● WORK REQUEST
Once you find the line with "It is blazing" in the listing below, set down exactly every line from it through the line with "A similar analysis", but no pictures.

● TASK INPUT
★ ★ ★

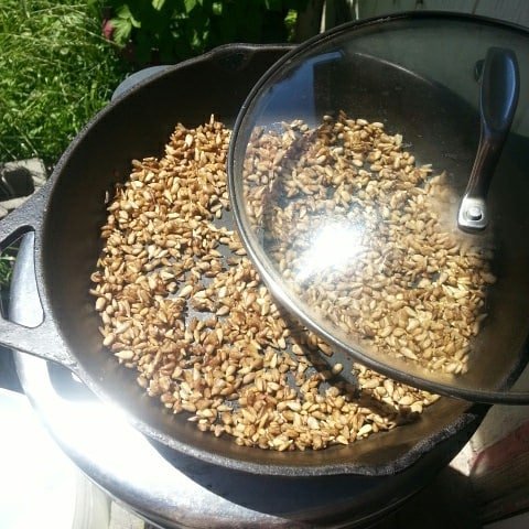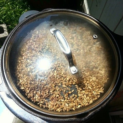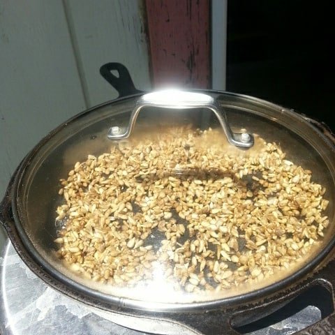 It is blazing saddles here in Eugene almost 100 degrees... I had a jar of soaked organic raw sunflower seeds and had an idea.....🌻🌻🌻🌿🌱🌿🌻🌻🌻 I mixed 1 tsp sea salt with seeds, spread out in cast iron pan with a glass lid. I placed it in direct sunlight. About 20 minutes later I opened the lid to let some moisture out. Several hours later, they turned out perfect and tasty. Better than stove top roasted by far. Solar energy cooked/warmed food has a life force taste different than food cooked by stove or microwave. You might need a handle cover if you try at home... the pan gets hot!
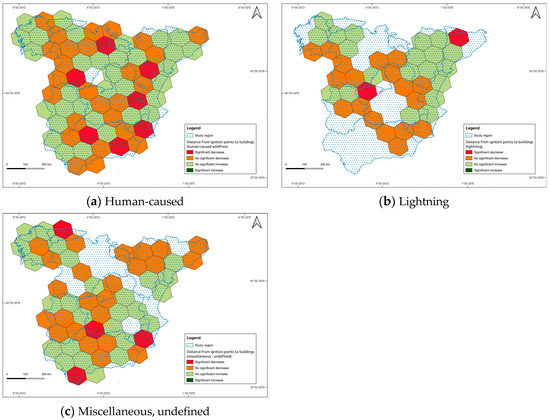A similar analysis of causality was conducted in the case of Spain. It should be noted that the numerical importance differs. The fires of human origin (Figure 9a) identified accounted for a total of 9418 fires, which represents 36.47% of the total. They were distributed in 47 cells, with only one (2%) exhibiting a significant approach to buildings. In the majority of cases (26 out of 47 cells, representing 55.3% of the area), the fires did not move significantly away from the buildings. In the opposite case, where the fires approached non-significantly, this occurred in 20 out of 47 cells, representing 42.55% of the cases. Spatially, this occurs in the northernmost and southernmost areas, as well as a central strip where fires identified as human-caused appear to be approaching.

★ ★ ★

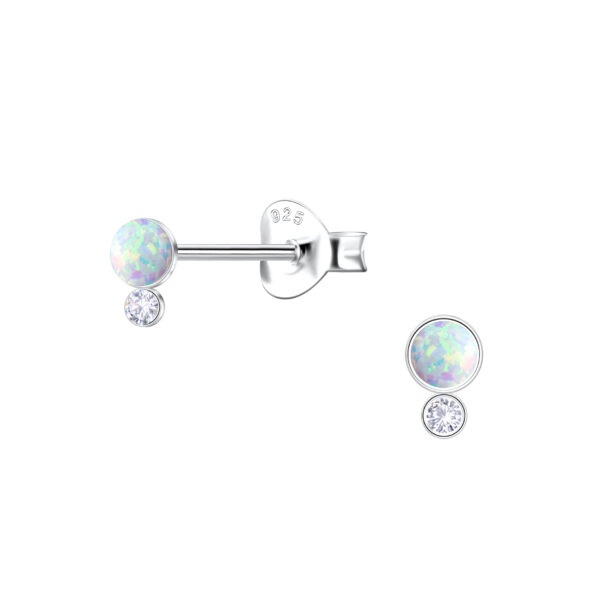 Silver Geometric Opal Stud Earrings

★ ★ ★

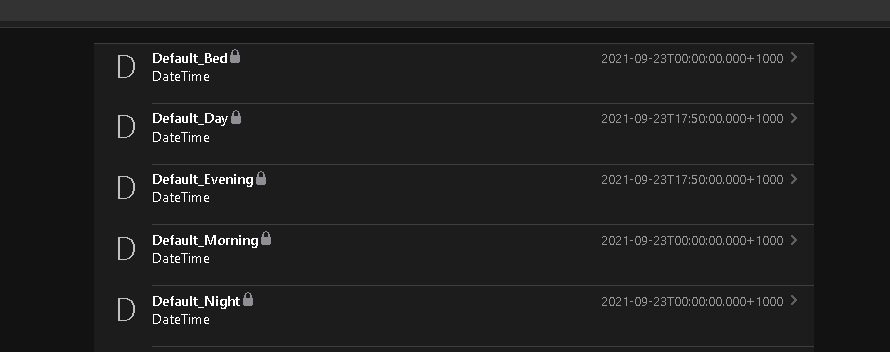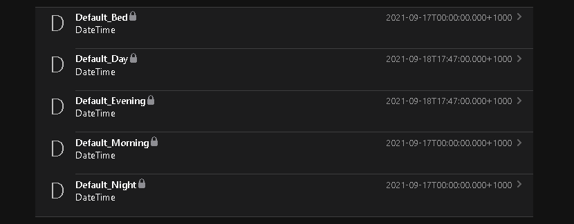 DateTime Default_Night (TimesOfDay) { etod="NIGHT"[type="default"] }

★ ★ ★

● THE COMPLETED TASK
 It is blazing saddles here in Eugene almost 100 degrees... I had a jar of soaked organic raw sunflower seeds and had an idea.....🌻🌻🌻🌿🌱🌿🌻🌻🌻 I mixed 1 tsp sea salt with seeds, spread out in cast iron pan with a glass lid. I placed it in direct sunlight. About 20 minutes later I opened the lid to let some moisture out. Several hours later, they turned out perfect and tasty. Better than stove top roasted by far. Solar energy cooked/warmed food has a life force taste different than food cooked by stove or microwave. You might need a handle cover if you try at home... the pan gets hot!
A similar analysis of causality was conducted in the case of Spain. It should be noted that the numerical importance differs. The fires of human origin (Figure 9a) identified accounted for a total of 9418 fires, which represents 36.47% of the total. They were distributed in 47 cells, with only one (2%) exhibiting a significant approach to buildings. In the majority of cases (26 out of 47 cells, representing 55.3% of the area), the fires did not move significantly away from the buildings. In the opposite case, where the fires approached non-significantly, this occurred in 20 out of 47 cells, representing 42.55% of the cases. Spatially, this occurs in the northernmost and southernmost areas, as well as a central strip where fires identified as human-caused appear to be approaching.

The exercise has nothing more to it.